Exercise data

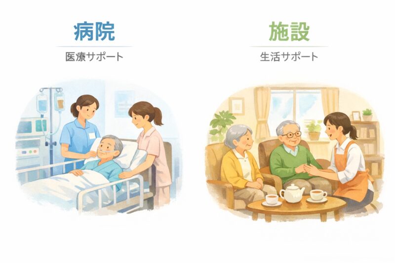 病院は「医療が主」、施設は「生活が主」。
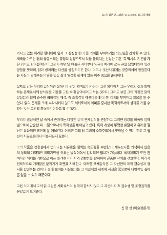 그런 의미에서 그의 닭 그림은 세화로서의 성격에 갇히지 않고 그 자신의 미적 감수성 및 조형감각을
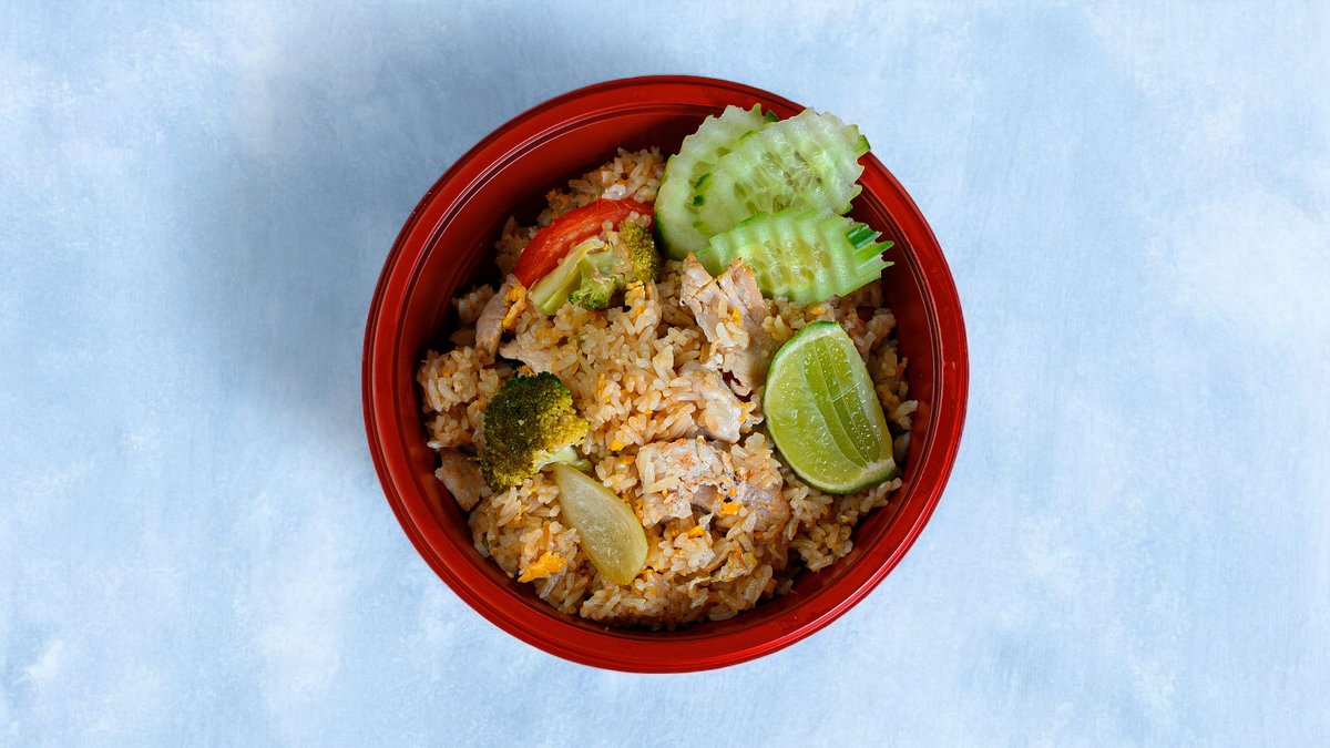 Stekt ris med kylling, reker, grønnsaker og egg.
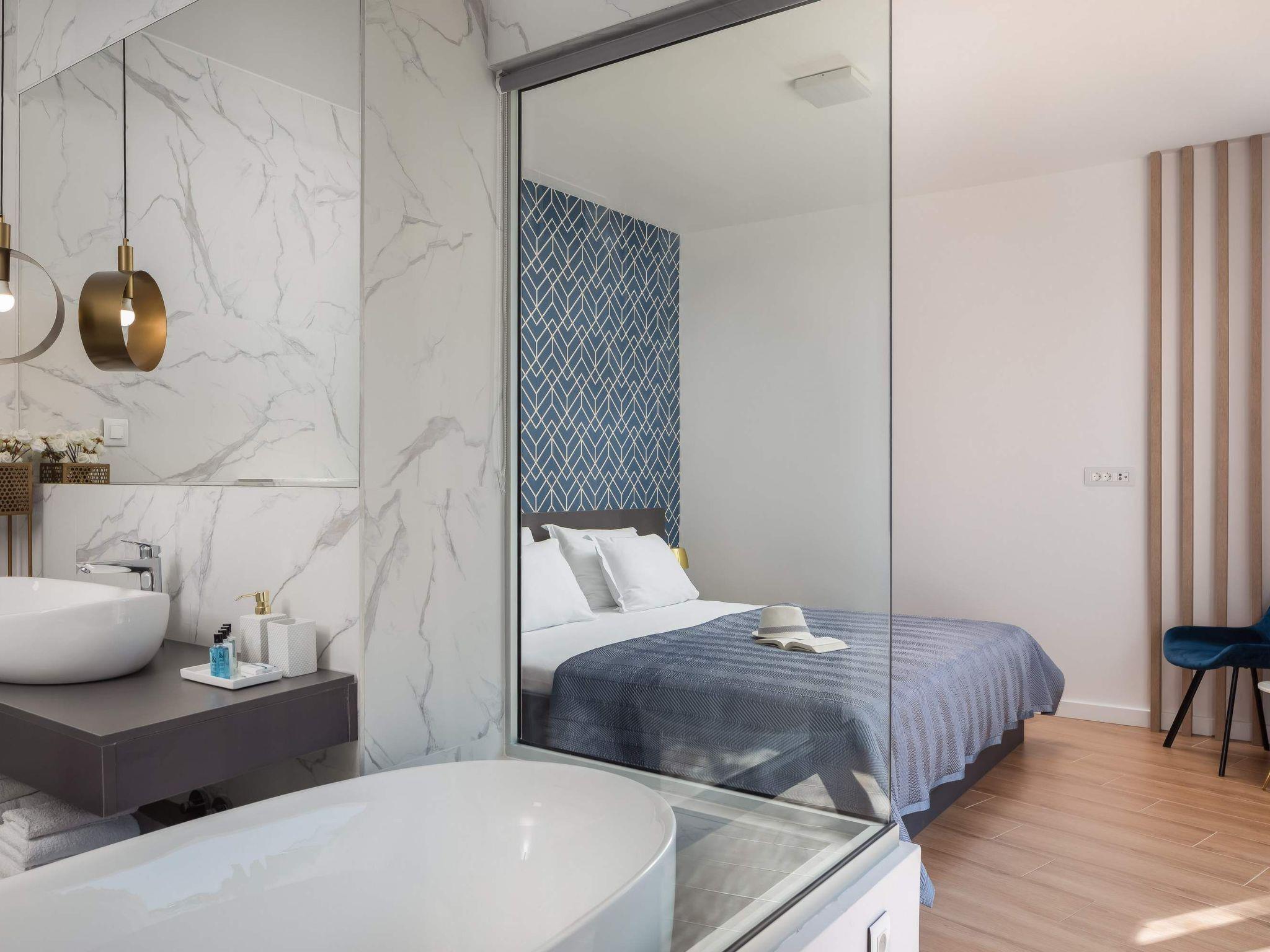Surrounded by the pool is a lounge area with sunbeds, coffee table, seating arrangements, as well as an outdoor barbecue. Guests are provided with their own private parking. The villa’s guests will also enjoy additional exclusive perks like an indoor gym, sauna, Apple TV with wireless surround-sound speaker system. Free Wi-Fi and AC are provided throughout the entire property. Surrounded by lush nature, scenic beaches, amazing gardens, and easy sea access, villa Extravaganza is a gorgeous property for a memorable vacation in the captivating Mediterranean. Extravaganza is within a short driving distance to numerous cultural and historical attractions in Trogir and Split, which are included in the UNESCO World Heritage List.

The task
Exact repetition required: repeat the first line of the listing above, the line containing "Stekt ris med", and every line between, leaving out pictures.

Exercise answer
 病院は「医療が主」、施設は「生活が主」。
 그런 의미에서 그의 닭 그림은 세화로서의 성격에 갇히지 않고 그 자신의 미적 감수성 및 조형감각을
 Stekt ris med kylling, reker, grønnsaker og egg.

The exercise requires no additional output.